Frame Up (Quella carogna dell'ispettore Sterling, literally: "That Bastard Inspector Sterling") is a 1968 Italian noir-crime film directed by Emilio Miraglia and starring Henry Silva, Beba Lončar and Keenan Wynn. In 1971, the American edit was shortened by several minutes and released as The Falling Man.

==Plot==
A police inspector's son is killed by a gang of thieves and is accused of having killed a police informer. After being kicked out of the police department, the inspector must discover the truth on his own.

==Cast==
- Henry Silva as Inspector Sterling
- Beba Lončar as Janet
- Keenan Wynn as Police Commissioner Donald
- Carlo Palmucci as Gary
- Pier Paolo Capponi as O'Neil
- Luciano Rossi as Joseph Randolph
- Larry Dolgin as Kelly
- Charlene Polite as Anne
- Bob Molden as Rocky

==Production==
Frame Up was shot at Cinecittà in Rome and on location in San Francisco.

==Release==
Frame Up was released theatrically in Italy on 13 April 1968 where it was distributed by Unidis.

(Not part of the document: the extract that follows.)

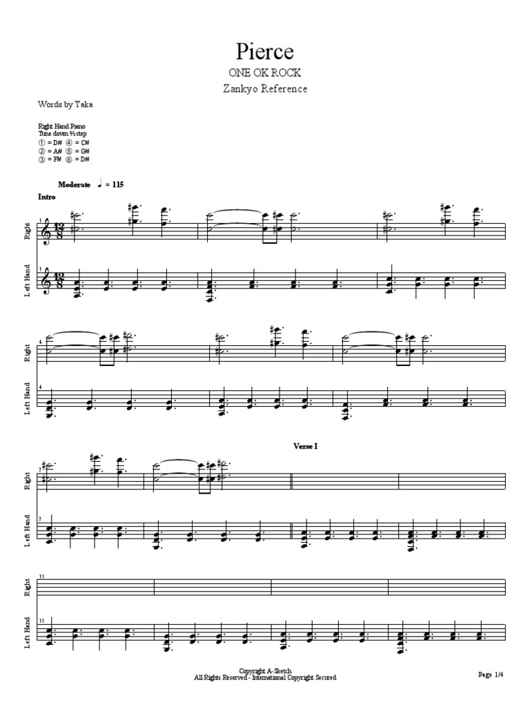One Ok Rock Pierce Piano Sheet Music Pdf Musical Forms Performing Arts

The film grossed a total of 397,425,000 Italian lire on its theatrical run. The film circulated in various edited forms on its initial release. The European version is about Sterling's quest to find a man who murdered his son and framed him for shooting an informant. It is dramatised through flashbacks that lead up to the murder. The American edit of the film was distributed through Heritage Enterprises in 1971 and re-titled The Falling Man which runs at 85 minutes. The edit changes the story and has a new English-language dub and a new score by Marcel Lawler.